Data extract Block Start
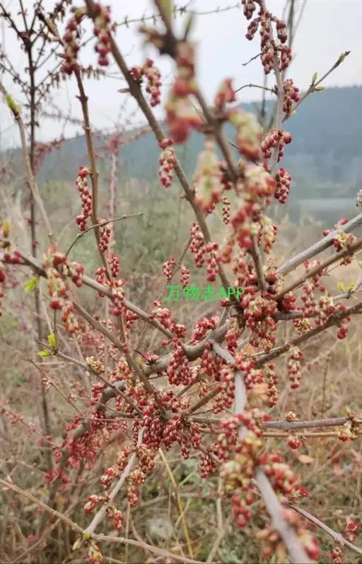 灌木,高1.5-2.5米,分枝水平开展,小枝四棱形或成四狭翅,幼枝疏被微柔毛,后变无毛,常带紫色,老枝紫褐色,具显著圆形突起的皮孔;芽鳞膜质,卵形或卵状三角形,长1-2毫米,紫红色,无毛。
Data extract Block End
Data extract Block Start
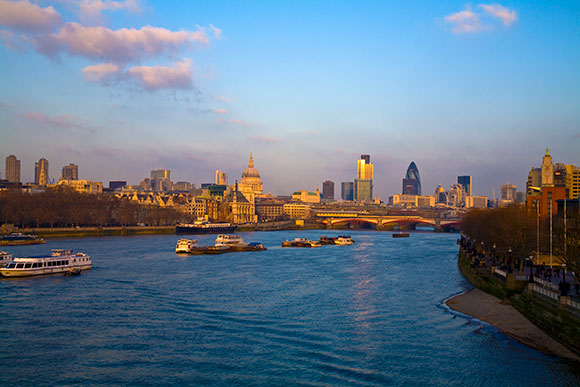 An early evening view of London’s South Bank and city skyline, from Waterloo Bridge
Data extract Block End
Data extract Block Start
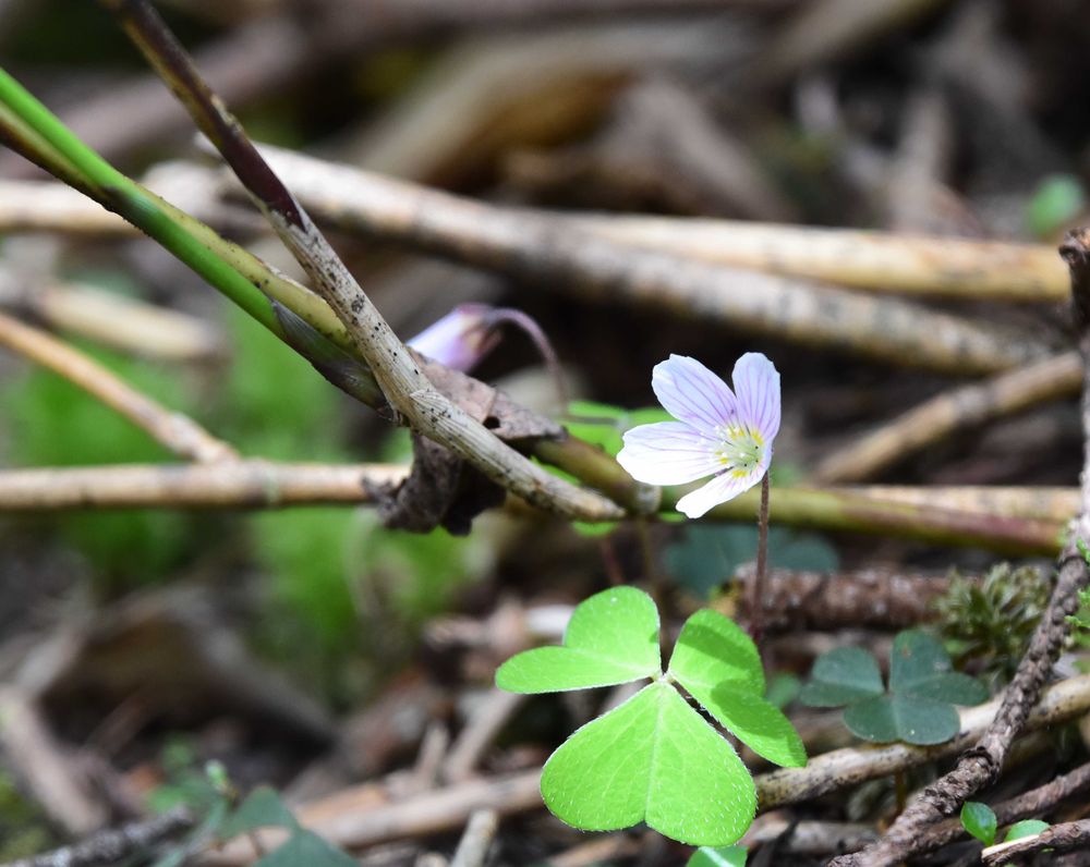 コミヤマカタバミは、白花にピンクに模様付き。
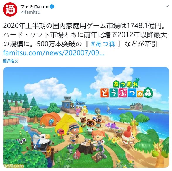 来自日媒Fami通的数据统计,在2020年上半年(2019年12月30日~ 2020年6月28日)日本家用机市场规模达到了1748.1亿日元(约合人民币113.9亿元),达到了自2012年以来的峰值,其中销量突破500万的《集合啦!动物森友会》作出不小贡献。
Data extract Block End
→ **Instructions for the task**:
Repeat, word for word, the lines of the material above from the one holding "コミヤマカタバミは、白花にピンクに模様付き。" through the one holding "来自日媒Fami通的数据统计". Leave out pictures.

→ **Response box**:
 コミヤマカタバミは、白花にピンクに模様付き。
 来自日媒Fami通的数据统计,在2020年上半年(2019年12月30日~ 2020年6月28日)日本家用机市场规模达到了1748.1亿日元(约合人民币113.9亿元),达到了自2012年以来的峰值,其中销量突破500万的《集合啦!动物森友会》作出不小贡献。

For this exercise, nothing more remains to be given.